Justiça manda prender jornalista condenado
Jornalista perseguido por Zambelli em 2022 tem prisão decretada
Luan Araujo - Carla Zambelli - Reprodução. A Justiça de São Paulo determinou a prisão, em regime aberto, do jornalista Luan Araújo por não pagar valores fixados em uma condenação por difamação contra a ex-deputada Carla Zambelli, do PL.
A dívida somava R$ 2.216,30, incluindo multa penal e prestação pecuniária.
A decisão foi publicada na segunda-feira, 1º de junho, pelo juiz José Fernando Steinberg.
Luan foi condenado por um texto em que afirmou que Zambelli fazia parte de uma “extrema-direita mesquinha, maldosa e mercadora da morte”. A informação foi divulgada pelo Metrópoles e também repercutida pela Agência Pública.
Na decisão, o juiz afirmou que o jornalista foi intimado, mas não cumpriu a prestação pecuniária imposta.
Com isso, a pena restritiva de direitos foi convertida em pena privativa de liberdade, conforme o artigo 44, §4º, do Código Penal. A prisão foi determinada em regime aberto.
Defesa fala em incapacidade financeira
O advogado Renan Bohus, que representa Luan Araújo, disse que apresentou petição informando que o jornalista não tem condições financeiras de pagar o valor e pediu o parcelamento. A defesa criticou a conversão da pena em prisão e afirmou que vai entrar com pedido de habeas corpus.
“Entendemos que a pobreza não pode ser tratada como motivo para encarceramento”, afirmou o advogado, em manifestação publicada pela imprensa.
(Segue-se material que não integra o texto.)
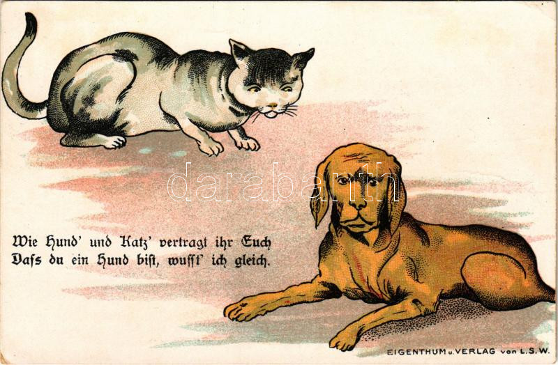 Wie Hund' und Katz' vertragt ihr Euch, dass du ein Hund bist, wusst ich gleich / humour art postcard with cat and dog. Eigentum u. Verlag von L.S.W. litho (EK)

Luan Araújo ficou conhecido nacionalmente em 2022, na véspera do segundo turno das eleições, quando foi perseguido por Carla Zambelli em uma rua de São Paulo. Na ocasião, a então deputada estava armada com uma pistola. O episódio foi filmado e teve grande repercussão política.
A Agência Pública relembrou que, no caso da perseguição armada, Zambelli foi condenada pelo Supremo Tribunal Federal a 5 anos e 3 meses de prisão por porte ilegal de arma de fogo e constrangimento ilegal com emprego de arma.